Crítica de cine

«Tres anuncios en las afueras»: La furia y la piedad

«Tres anuncios en las afueras»: La furia y la piedad
«Tres anuncios en las afueras»: La furia y la piedadlarazon

Martin McDonagh. Frances McDormand, Woody Harrelson, Sam Rockwell, Caleb Landry Jones. EE. UU., 2017. 112 minutos.

Al principio, fue la rabia; luego, la compasión. Da la impresión de que en Ebbing, Misuri, solo existen esas dos emociones, y que la una siempre excluye a la otra, y viceversa. Es una falsa impresión, al menos hasta que los perros rabiosos se reconocen entre sí, con el corazón encogido de tanto buscar justicia. Pero eso ocurre tarde: antes, Martin McDonagh se puede colgar la medalla de haber creado al menos un personaje memorable, el de Mildred, imbuido de la energía fantástica, a la vez noble y ciega, de una Frances McDormand que, con el mono de trabajo y una cinta que le agarra el pelo como preparada para una emboscada bélica, increpa a la policía local para que encuentre al violador y asesino de su hija adolescente.
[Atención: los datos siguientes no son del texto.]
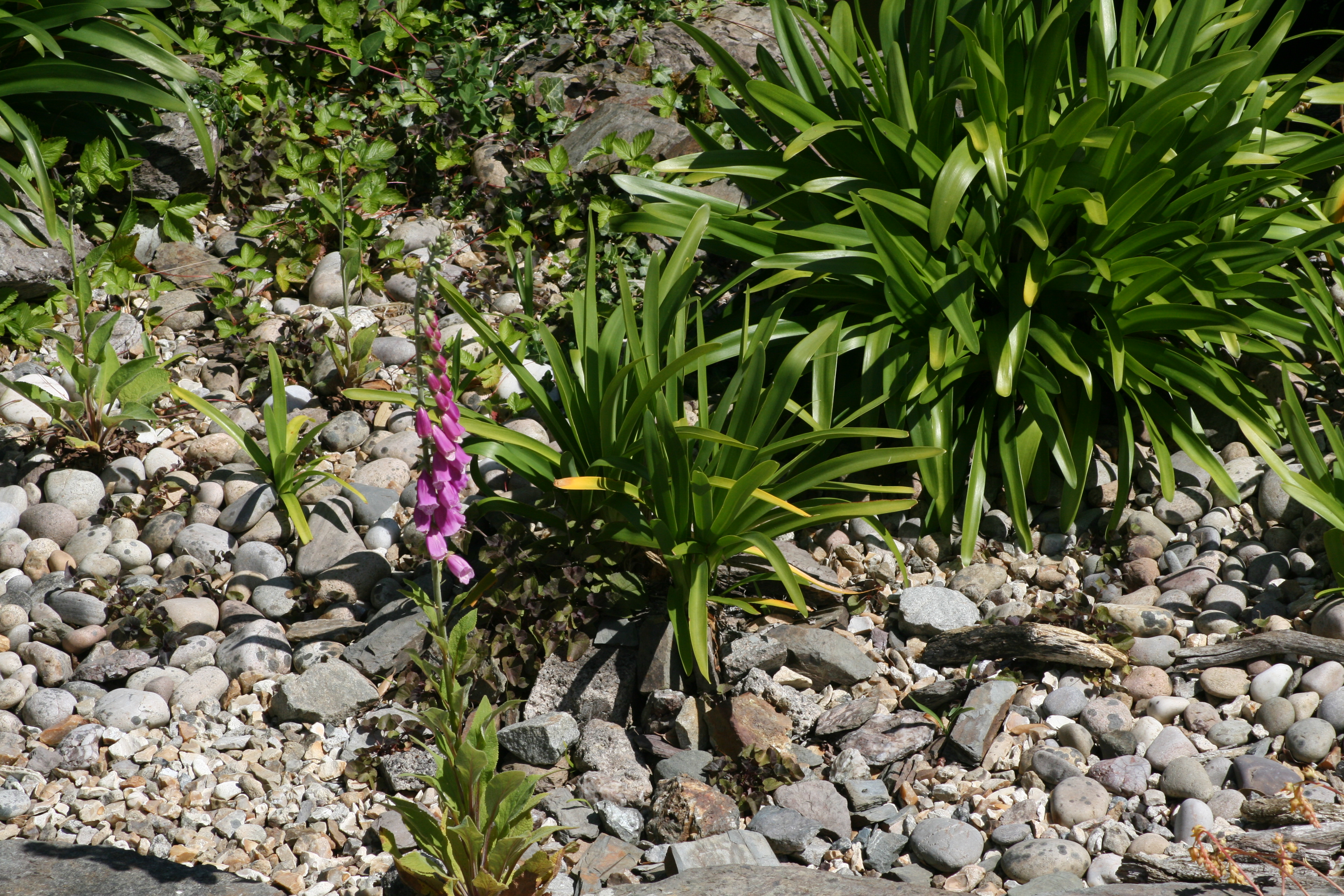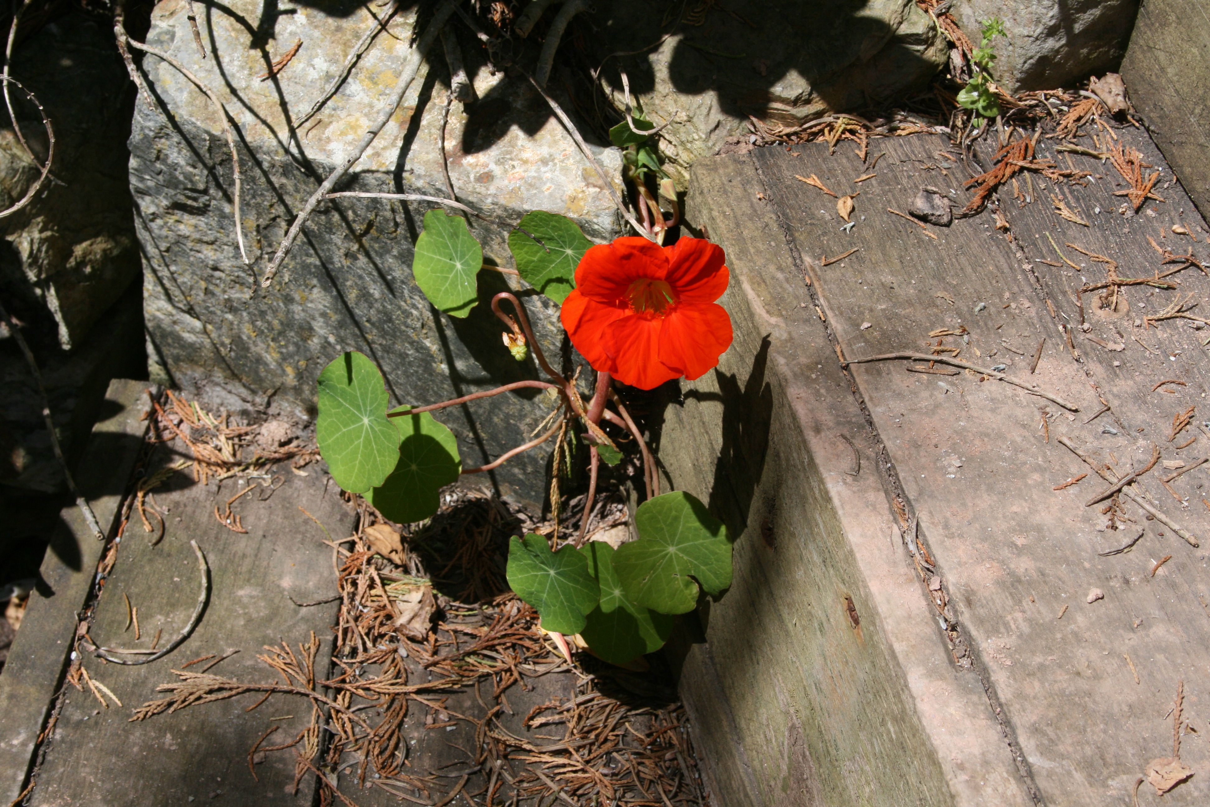 It is a muddle of growth everywhere you look and even in the most inhospitable situations, something still manages to get going like the nasturtiums and foxgloves- all self-seeded.

Su furia se hace pública en tres vallas encendidas en rojo sangre, que son una anomalía entre el verde hierba de la naturaleza, como una pieza de arte conceptual caída del cielo.

Si «Escondidos en Brujas» y, sobre todo, «Siete psicópatas», aparecían lastradas por un cierto ensimismamiento metaficcional, con sus arrebatos beckettianos y el amor de McDonagh por los cineastas que han alimentado la educación sentimental, «Tres anuncios en las afueras» parece haber superado con creces el síndrome del debutante, asentando la dimensión humanista de sus obras teatrales sin perder un ápice de su ternura y su violencia. En un primer momento la película engaña, como si la sombra de «Fargo» le causara escalofríos, pero muy pronto notamos las diferencias con el universo coeniano. El de McDonagh está exento de cinismo, y por mucho que parezca que hay una mirada sobre la América sureña, con sus racistas sueltos y su comunidad herméticamente cerrada en sus cotilleos pero también en su solidaridad, el terreno que pisa la película es mucho más universal, se mantiene al margen de todo comentario social, le interesa más el paisaje humano que el geográfico. Y, por encima de todo, está el lenguaje, la cadencia casi mametiana de las réplicas, el humor empañado de tragedia, articulando la férrea arquitectura de un guión acaso demasiado bien construido para dejar pasar aire por entre sus imperceptibles grietas. Cuando la ira lo consume todo queda la unión en la miseria, que es otra manera de ser bueno, o simplemente de completar una venganza que necesita sangrar. Por el camino ha quedado un personaje hermosísimo –el sheriff tocado por la muerte que Woody Harrelson interpreta con inmensa delicadeza–, pero aún está con nosotros uno de sus compañeros de fatiga, que revela, sí, su lado compasivo para compensar la balanza de pagos de Mildred, y que Sam Rockwell encarna desde una hostilidad que se resquebraja, más vulnerable de lo que aparentaba hasta entonces. Atrás quedan los anuncios, y por delante un nuevo comienzo, una hermandad donde la furia y la piedad encienden la chispa de lo humano.